(Material shown)

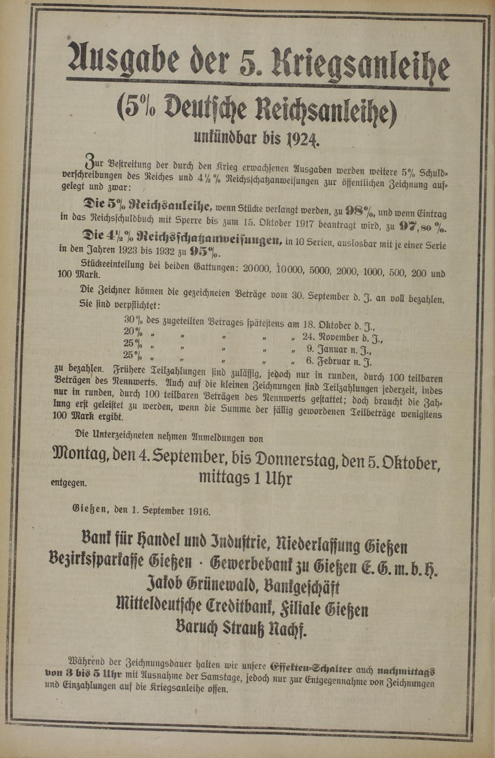 Gießen, den 1. September 1916.
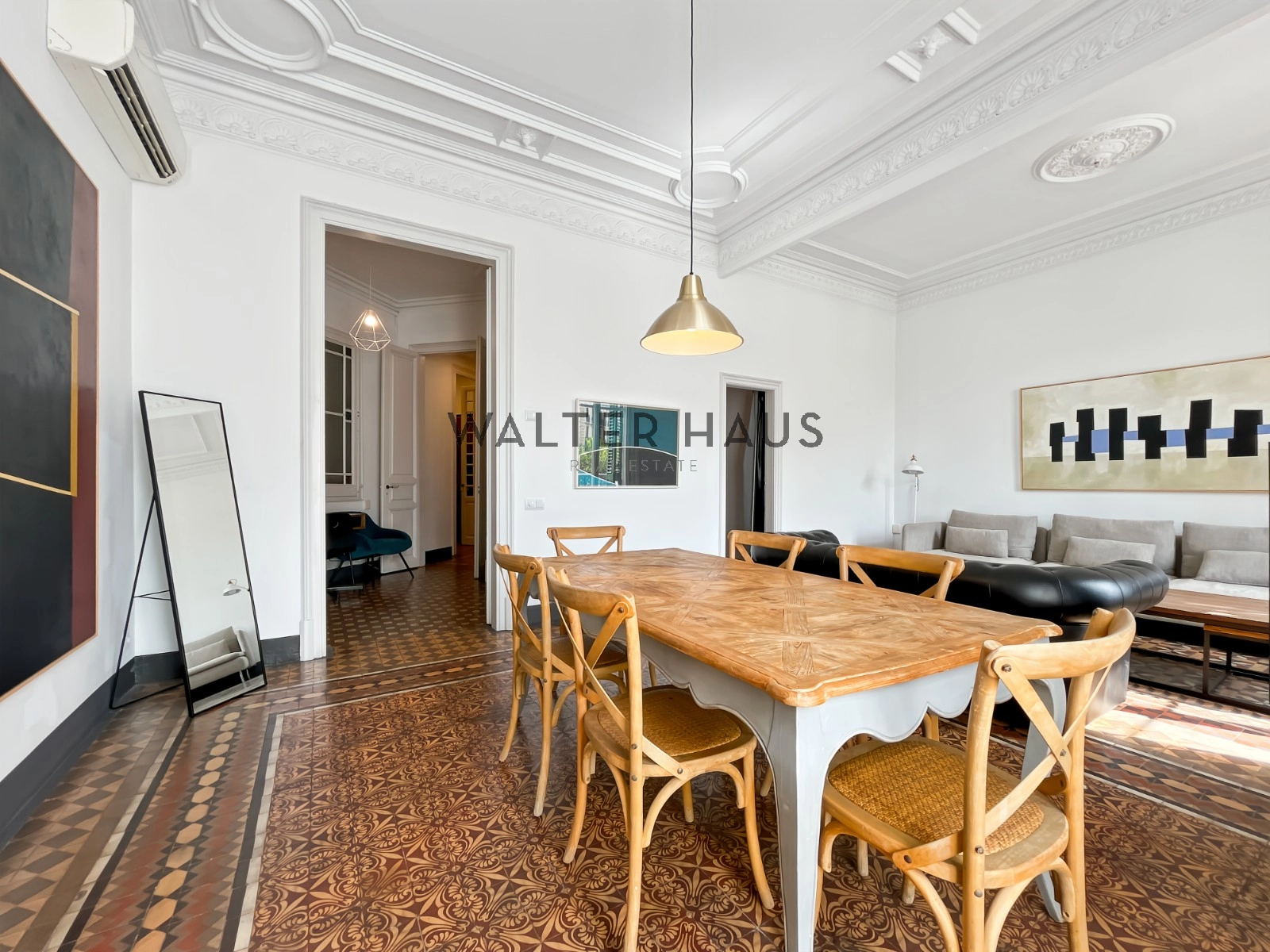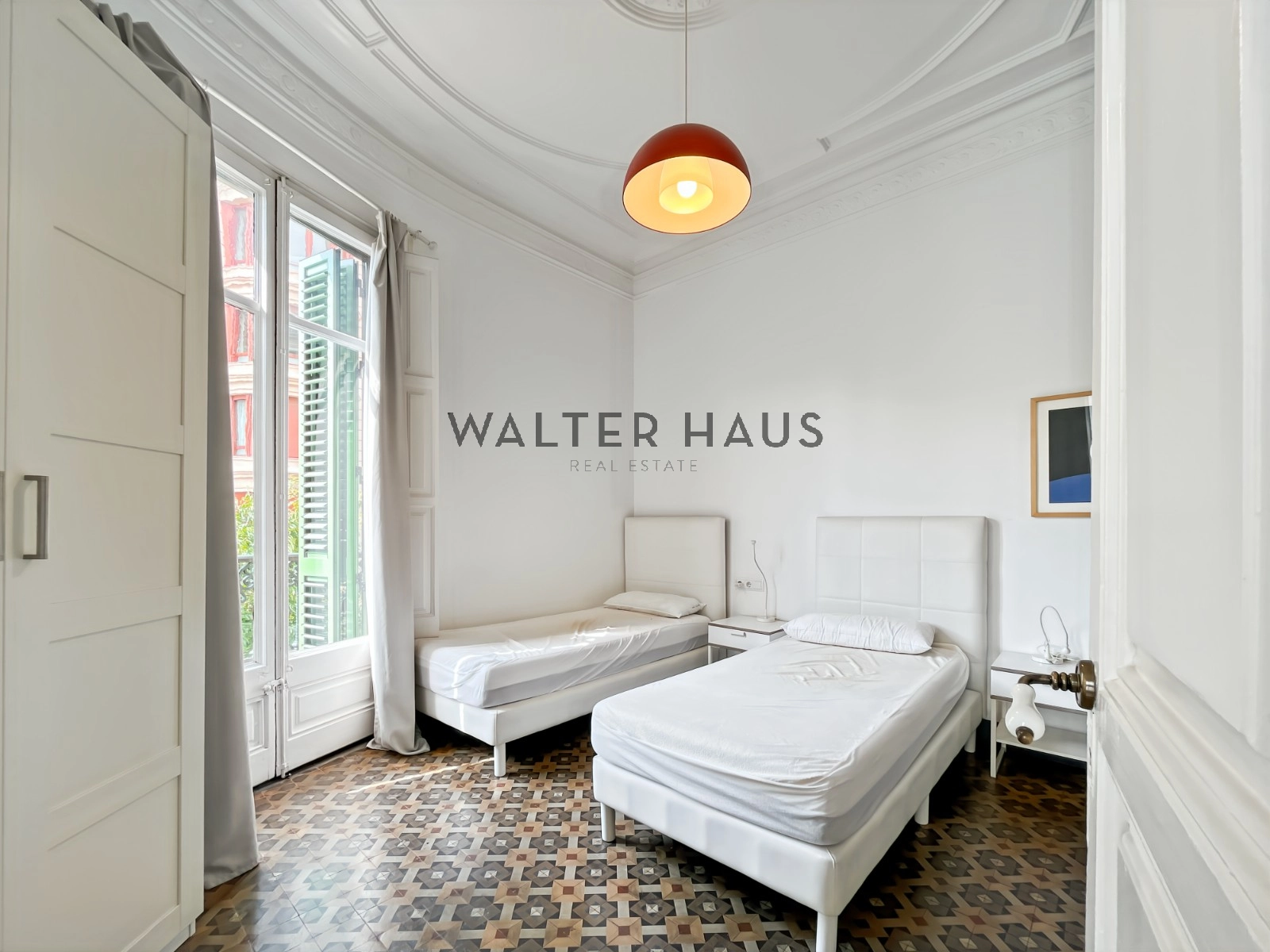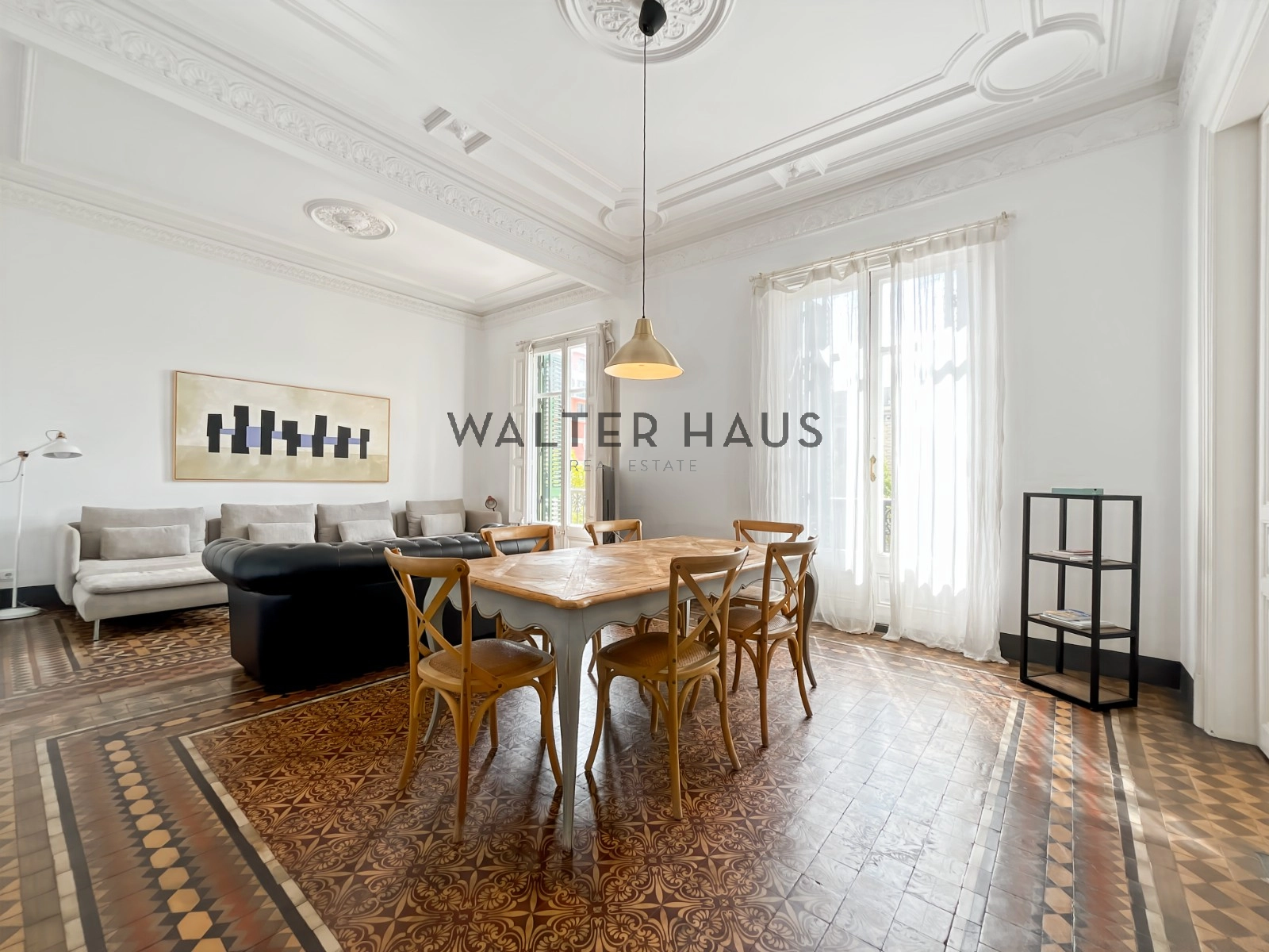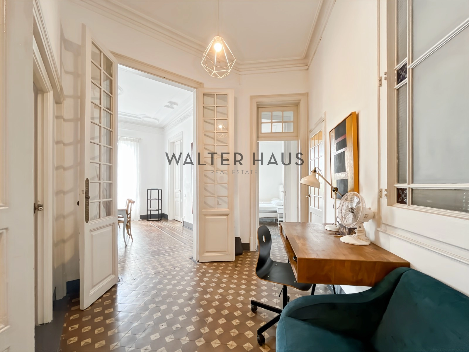 ALQUILER DE TEMPORADA. Fantástico piso de 115 m2 ubicado en la segunda planta de una finca regia con ascensor en el corazón del Quadrat d’Or de Barcelona, junto a la Plaza Tetuán, el Paseo de Sant Joan y el tradicional Paseo de Gràcia.
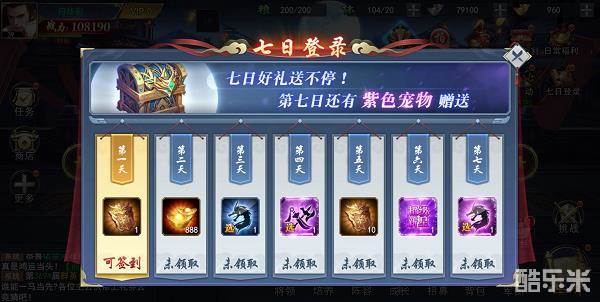 新玩家进入游戏,只要每天登陆就可以获得丰富奖励,如:招募令,元宝,宠物等。
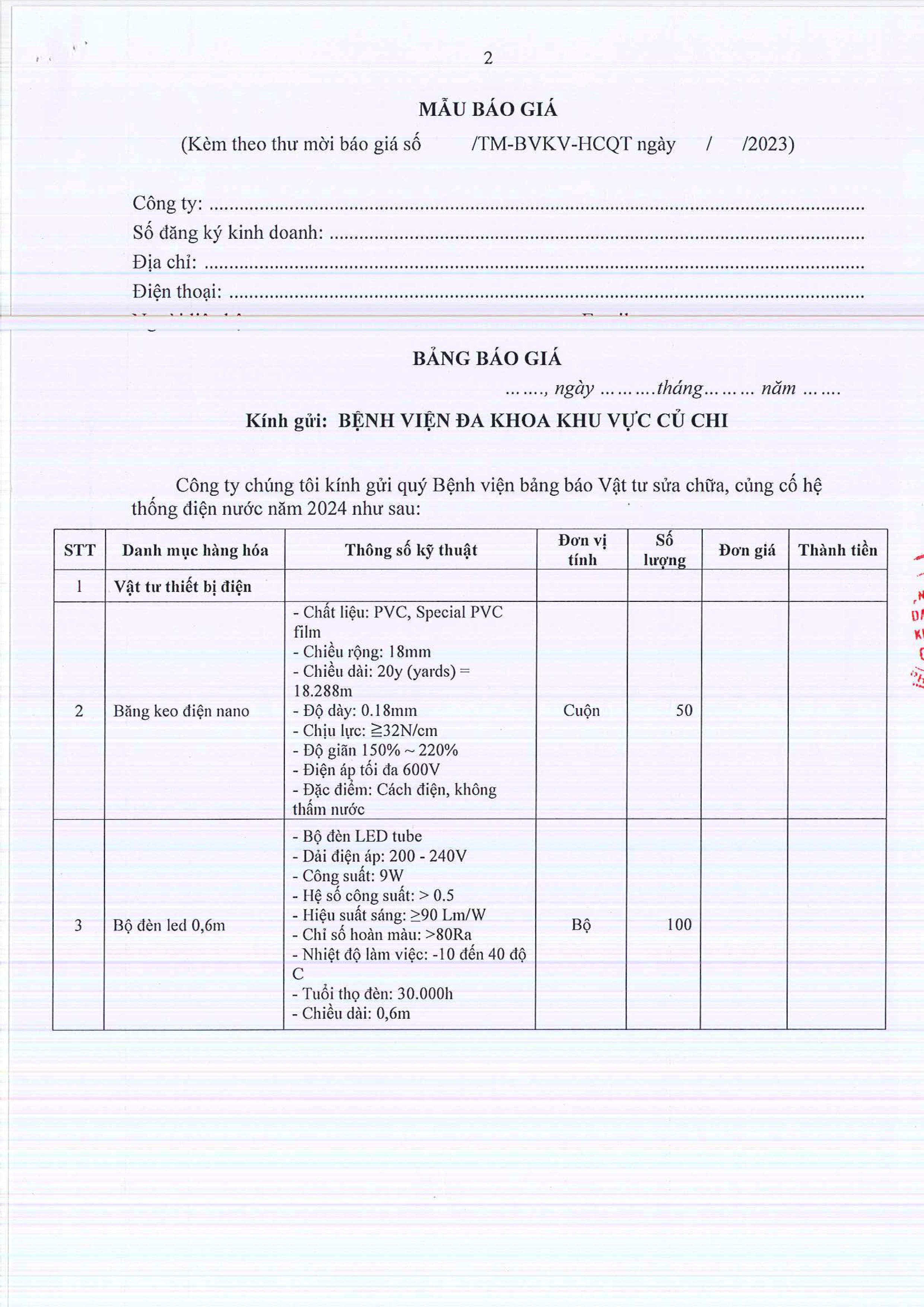 • Thư mời báo giá (136/TM-BVKV) Chức năng bình luận bị tắt ở Thư mời báo giá (136/TM-BVKV)
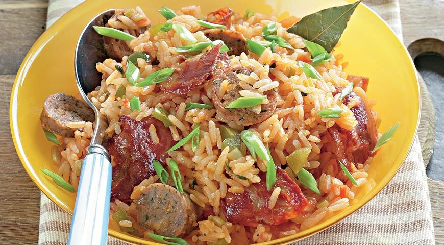 Ингредиенты: Начнем приготовление! 1. Режим: лук полукольцами, болгарский перец небольшими квадратами, куриное филе небольшими кусочками, колбаски - кружками шириною в 2 сантиметра и очень мелко чеснок(можно пропустить через пресс). Разогреваем сковороду и жарим в масле филе, в течении 5-7 минут. Отправляем к филе копченые колбаски. Перемешав, оставляем жариться еще 3 минуты. 2. Добавляем к мясу лук, перец, чеснок и специи : соль, кайенский перец, черный перец. Перемешиваем и оставляем готовиться на 4-5 минут. 3. Промыв под холодной водой, добавляем рис. Равномерно распределите рис по всей сковороде. Готовим буквально пару минут. 4. Заливаем всю смесь водой или куриным бульоном(так вкуснее). Добавляем лавровый лист и тщательно перемешиваем. Пробуем немного на вкус, и по необходимости добавляем соли или остроты (кайенский перец). Доводим до кипения, убираем огонь на небольшой и, накрыв сковороду крышкой, оставляем готовится в течении 20 минут. Когда все будет готово снимаем с огня и
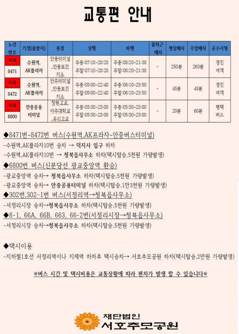 여객자동차 운수사업법 제82조(자가용자동차의 노선운행 금지)법에 따른 시설내 셔틀버스가 중단 되였음을 알려드립니다.
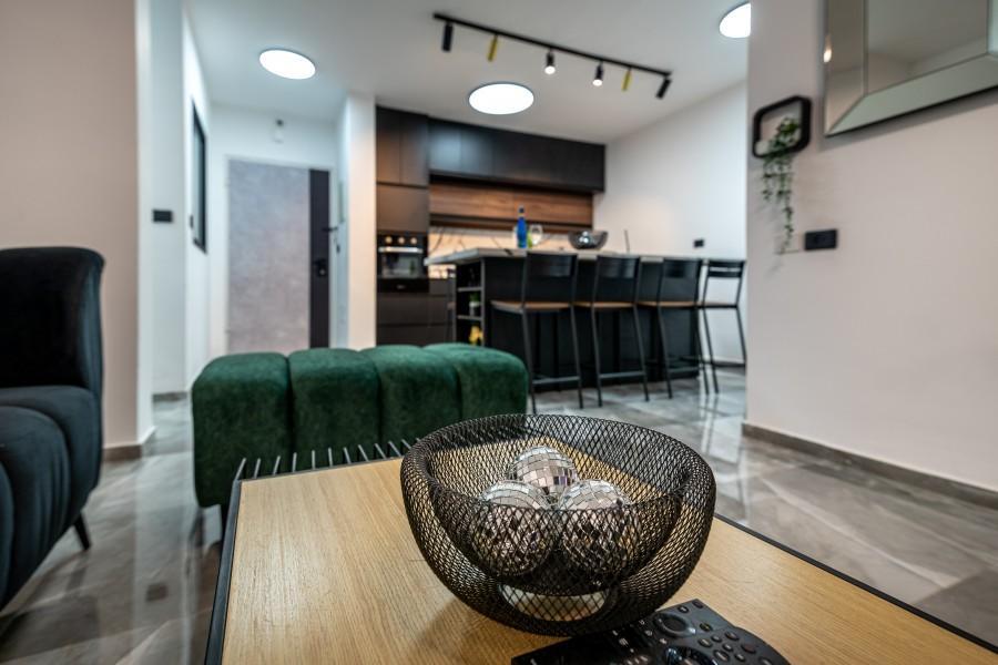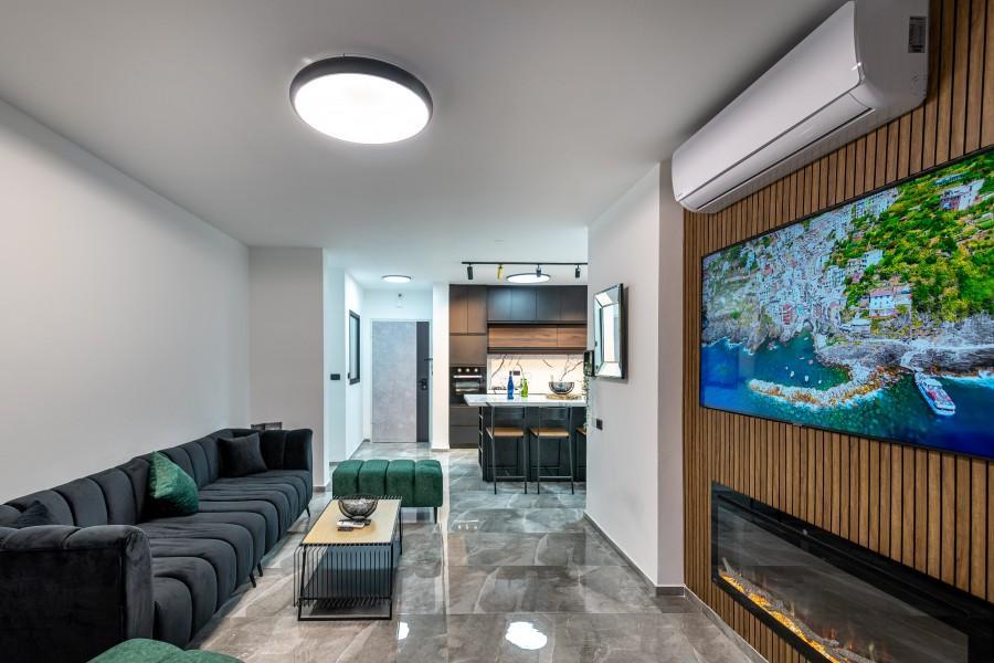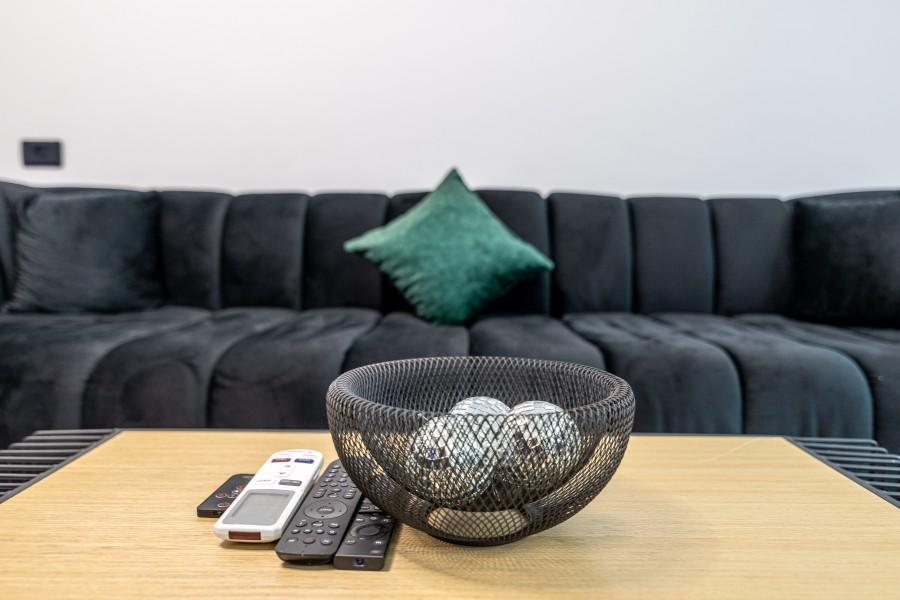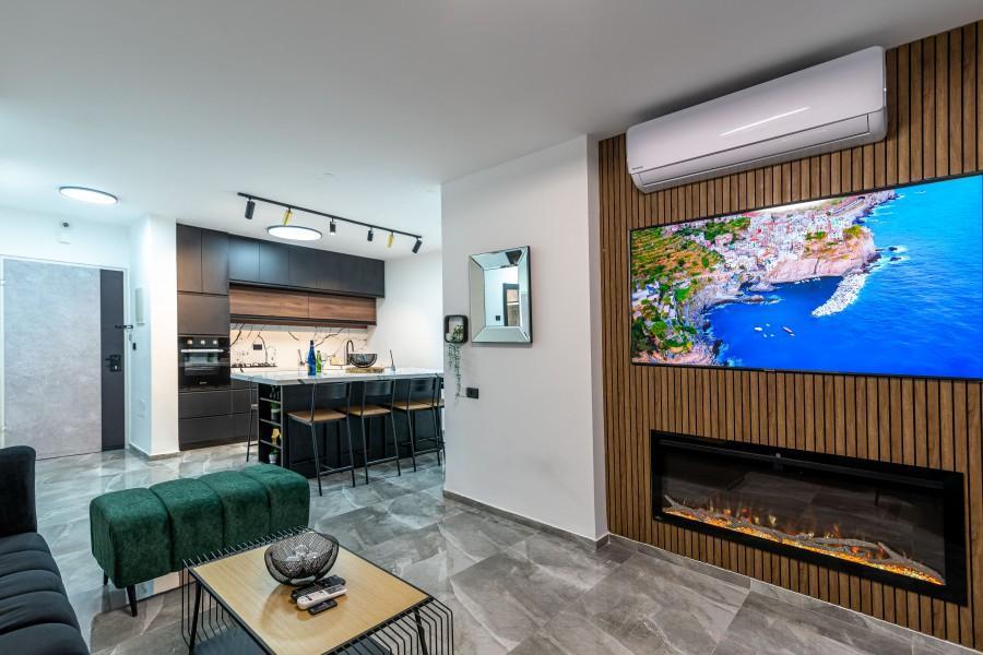 סלון רחב ידיים עם מערכת ישיבה מפנקת וטלוויזיה עם חיבור לכבלים

(End Material shown)

Problem statement » Starting with the first line of the data above, write out each line exactly up to and including the line that holds "ở Thư mời báo giá (136/TM-BVKV)". Pictures stay out.

Your response »
 Gießen, den 1. September 1916.
 ALQUILER DE TEMPORADA. Fantástico piso de 115 m2 ubicado en la segunda planta de una finca regia con ascensor en el corazón del Quadrat d’Or de Barcelona, junto a la Plaza Tetuán, el Paseo de Sant Joan y el tradicional Paseo de Gràcia.
 新玩家进入游戏,只要每天登陆就可以获得丰富奖励,如:招募令,元宝,宠物等。
 • Thư mời báo giá (136/TM-BVKV) Chức năng bình luận bị tắt ở Thư mời báo giá (136/TM-BVKV)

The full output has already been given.